But they bring the list of contacts their LinkedIn file, I guess now, right. And so, you’re able to start expanding your commodity trades and all that we’re taking a look at some of these additional capabilities, specifically in like North America, probably the next area that we start to pull stuff in.

So hope that answers your question, Aaron.

Aaron Grey

That’s helpful. Appreciate the detail, and I’ll go and jump back in the queue.

Frank Pogubila

Thanks, Aaron. Thanks, Michael. Thanks, Jennifer. We’re going to take the next question from Tom Kerr with Zacks Research. Tom, if you want to ask questions.

Tom Kerr

Sounds good. Can you guys hear me?

Frank Pogubila

We can. Yes. Thank you.

Tom Kerr

All right, just one quick follow up on the Sadot business and a few on Pokemoto, but I just wanted to beat the dead horse again, on the revenue line. You said that the $90 million is a monthly base that you’re trying to achieve, but there’s still lumpiness. So does that mean the $270 million a quarter but it might be $200 million, linked quarter might be $350 million. But you’re sticking to $90 million as an average monthly basis? If I heard that right?

Michael Roper

Well, we don’t like to really provide guidance on that per se, but just general discussions, I think it’s safe to say that, we’ve achieved at least 50 million per month, right, since inception. And we’ve had a couple of months as high as a little over the 90s.
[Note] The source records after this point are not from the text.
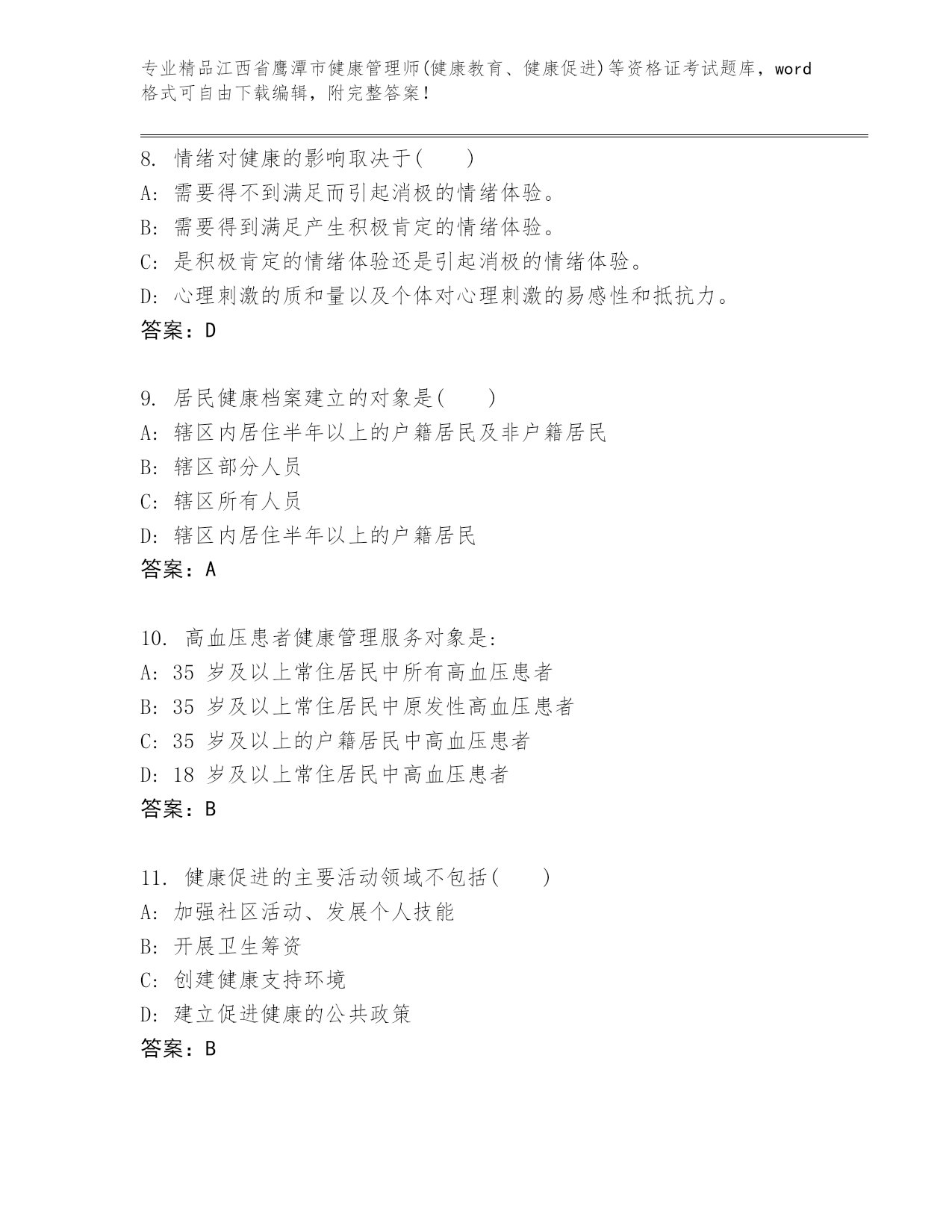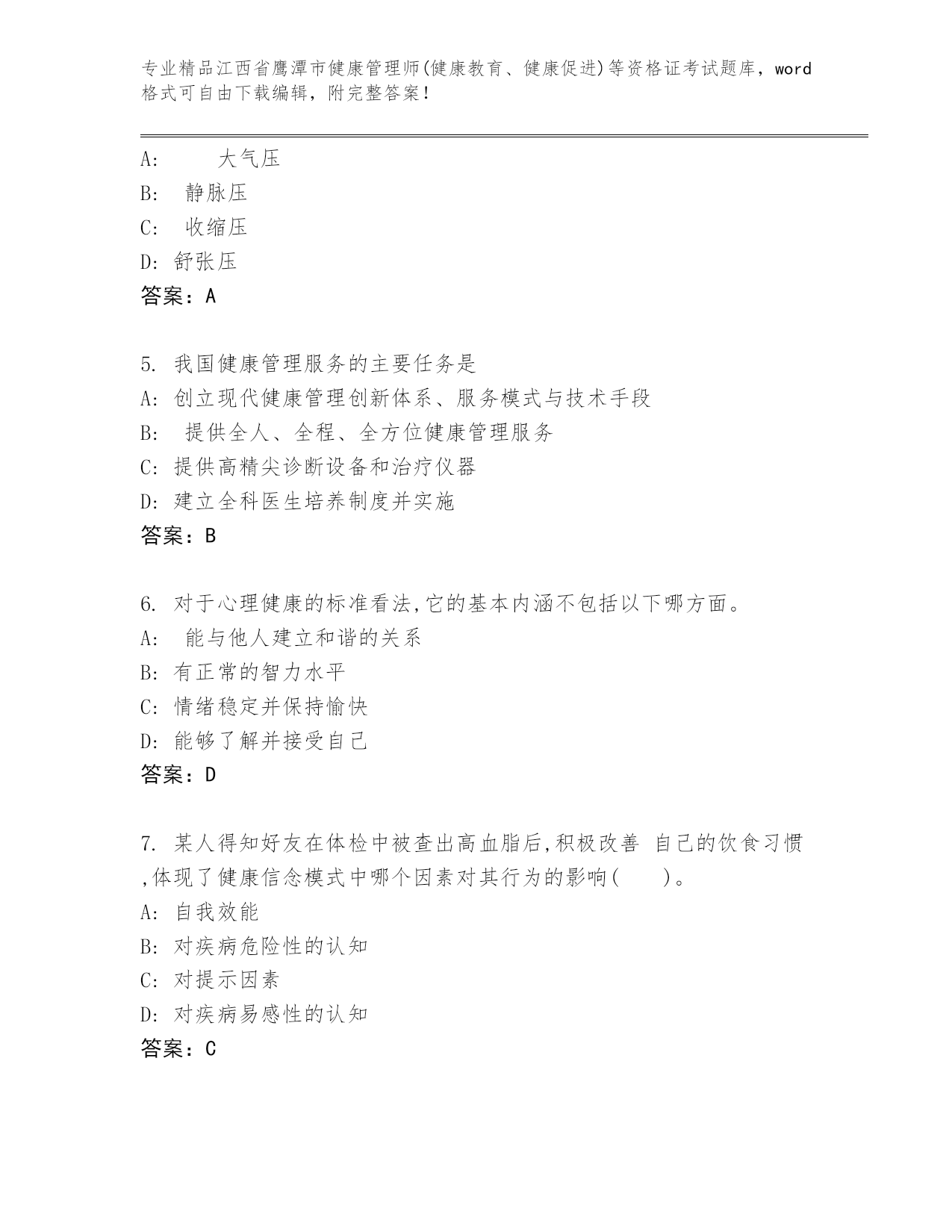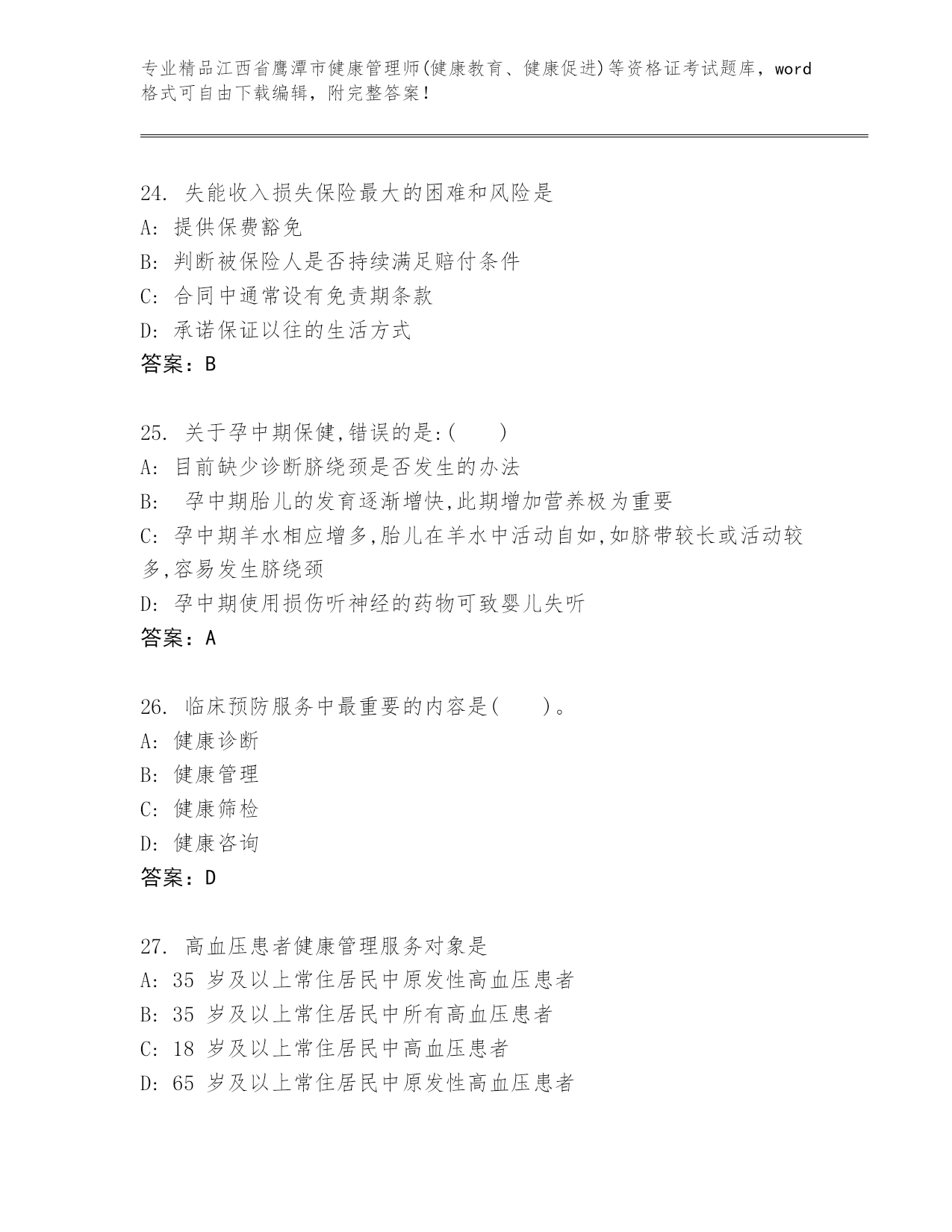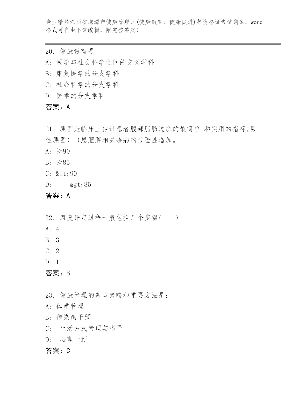 精编江西省鹰潭市健康管理师(健康教育、健康促进)等资格证考试及答案参考.docx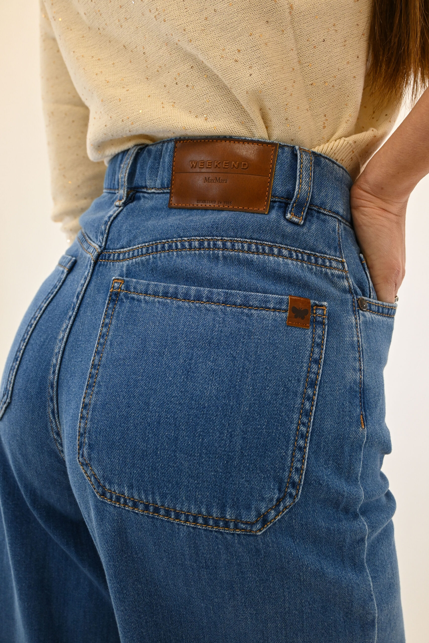 Jeans 5 tasche dalla silhouette wide leg, personalizzato da label con logo a farfalla sulla tasca posteriore destra.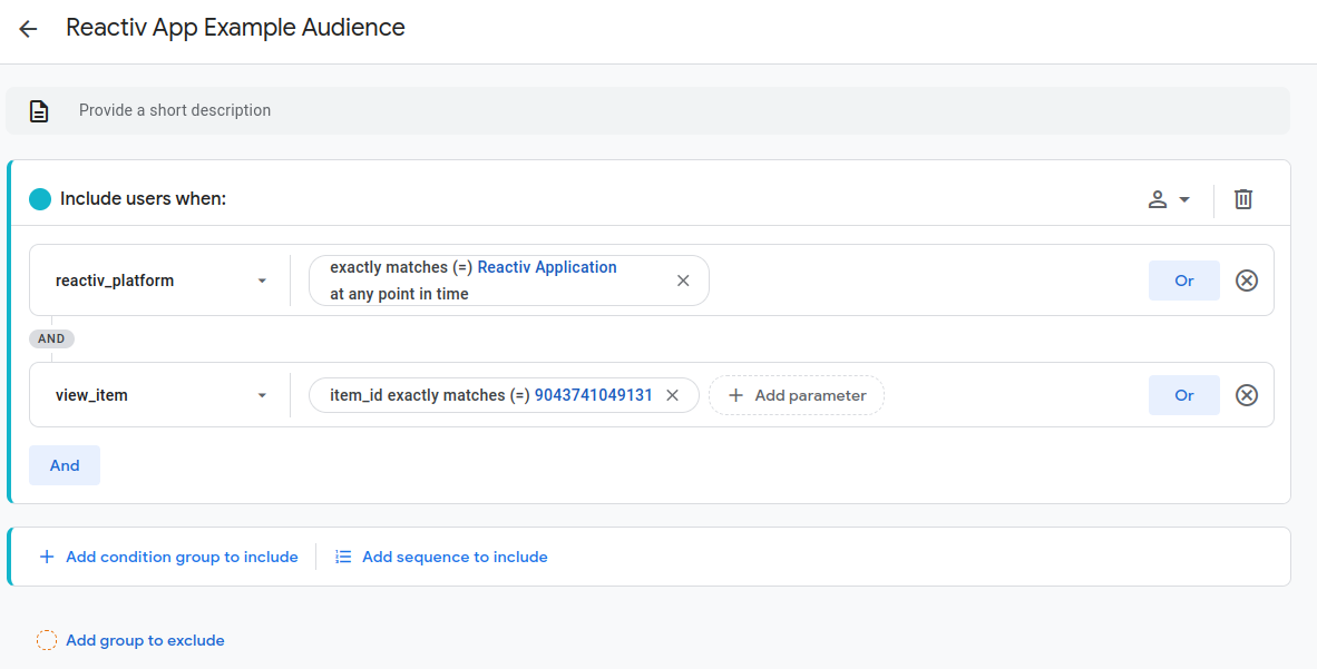From Add new condition, choose Events > view_item. This selects users who triggered a view_item event.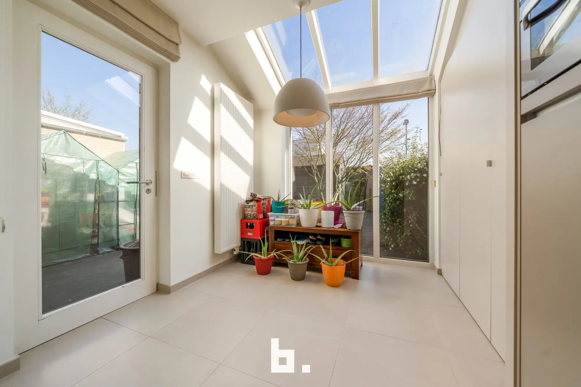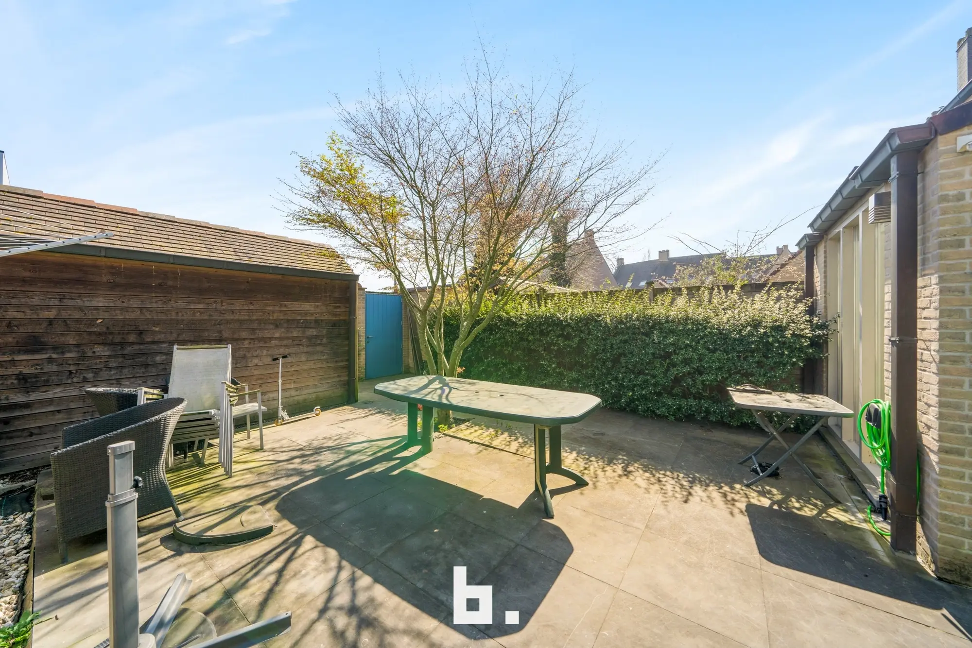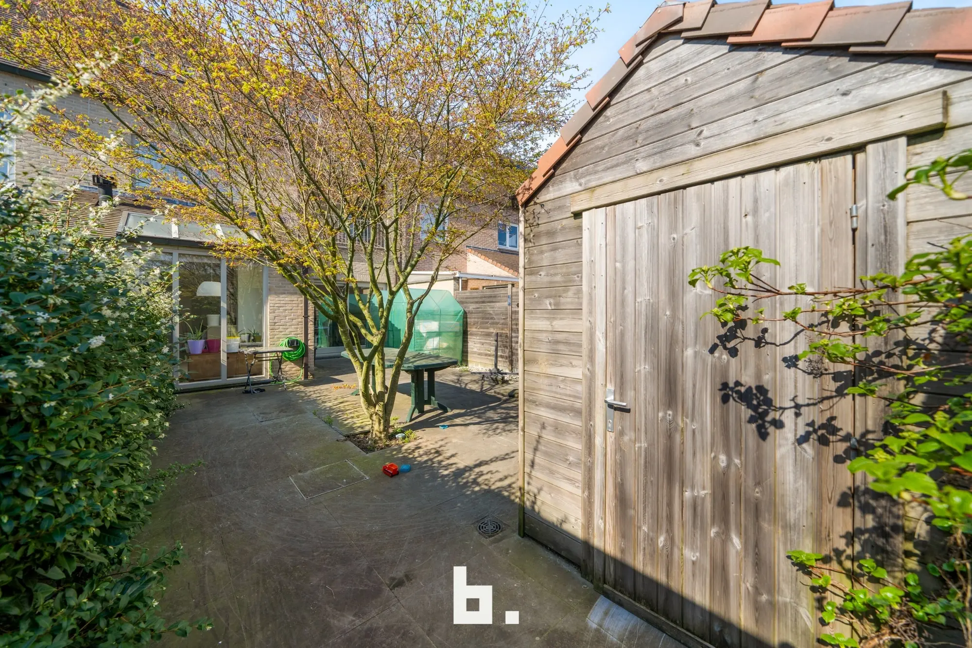 Via het schuifraam of de achterdeur komt men op de stadskoer. De koer is bereikbaar vanuit een zijstraatje via een poortje, ideaal om met de fiets thuis te komen.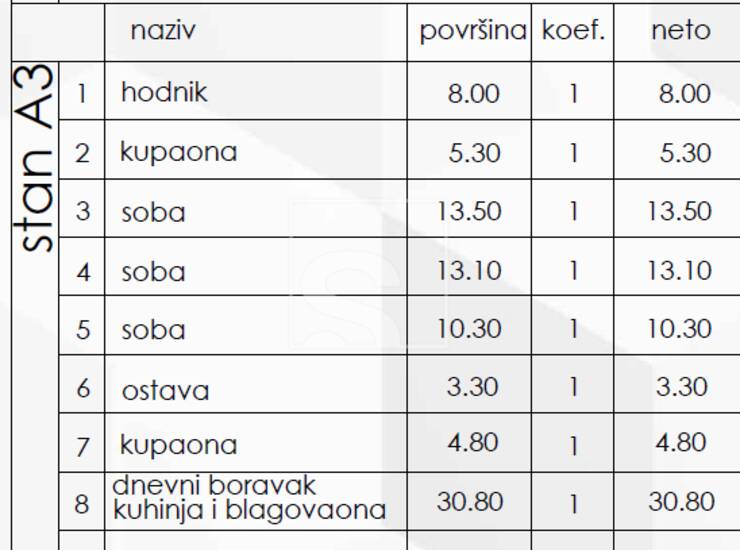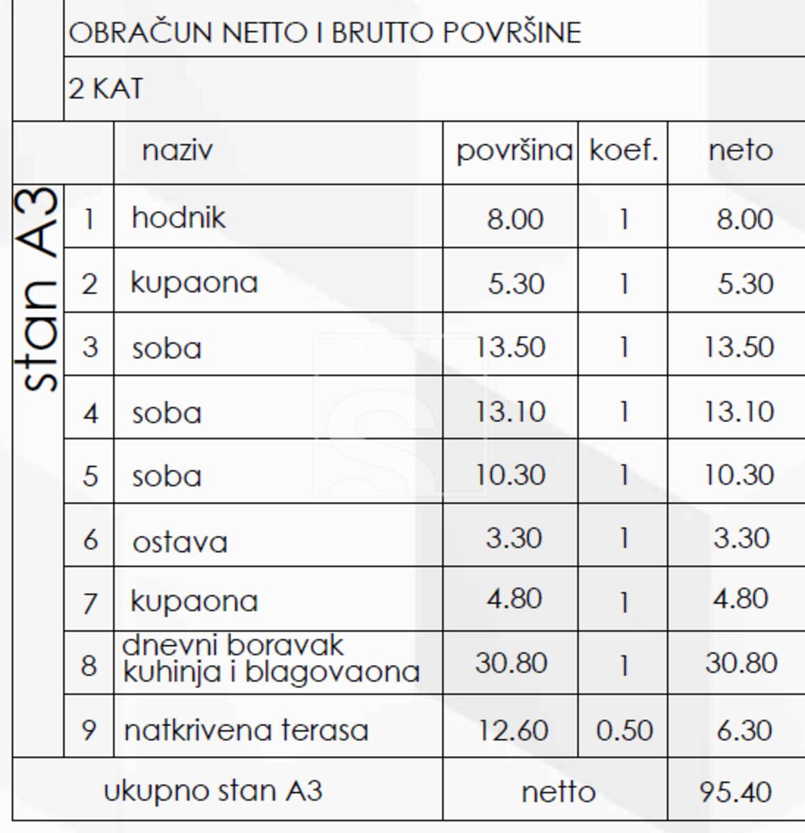 Stan se sastoji od prostranog hodnika, tri spavaće sobe, dvije kupaonice, spremišta te kuhinje s blagovaonicom i dnevnim boravkom u open space konceptu. Dnevni dio čini središnji prostor stana, a iz njega, kao i iz jedne spavaće sobe, omogućen je izlaz na prostranu terasu. Upravo s te terase, kao i iz samog stana, pruža se otvoren pogled na more, što je jedna od ključnih karakteristika ove nekretnine.

And so I know that’s a pretty wide range, and it can fluctuate like that, depending on the quarter and the season that you’re in, but somewhere in that range is what we’re expecting to have as a base, and then we’ll start growing off of that by adding all these different verticals into the equation.

Tom Kerr

Okay, just follow up on that. So there’s not an extreme lumpiness, it might be a little bit up and down, but it’s not where you’d see. 210 Last quarter, 150 next quarter, 350 in the third quarter, can we think like that?

Michael Roper

I’m not sure I have enough experience in history since we started this to really dictate how it looks for the rest of the year. But I think it’s pretty safe to say you’ll be in that that range, right? And yes, it will be a little bit lumpy depending on the season. But we’ll kind of watch that out as we kind of move forward.

Tom Kerr

Alright, helps a little bit. Quickly on the Pokemoto, there’s 45 that are expected to be open. Do you have a timeframe on that as a first part question, how many will be open and operating by the end of the year? Could you do that even by quarter?

And then second part of that is any headwinds that in these openings? Is inflation a problem, labor, real estate, anything like benefits that might slowdown these openings?

Michael Roper

Ye, let me kind of go into that a little bit. So Pokemoto is part of our restaurant division. As you guys know, we have Muscle Maker Grill restaurants, Pokemoto restaurants and Superfit Foods. Pokemoto is what we’re focusing on. That’s all of our strategy and our growth on the restaurant side of the equation.

As you mentioned, we’ve got right now today we have roughly, it’s actually a little bit more than 45 locations are agreements that have been sold, but haven’t been opened yet. As a matter of fact, we just sold for more locations here in the last couple of weeks, we sold a three pack in Houston about a week ago, which adds to that market. And then we also sold are sold our first franchise agreement out of Alabama in Maubilla I think it was that we sold as well. So we’re expanding into more states there. So a lot of growth that’s happening in Pokemoto.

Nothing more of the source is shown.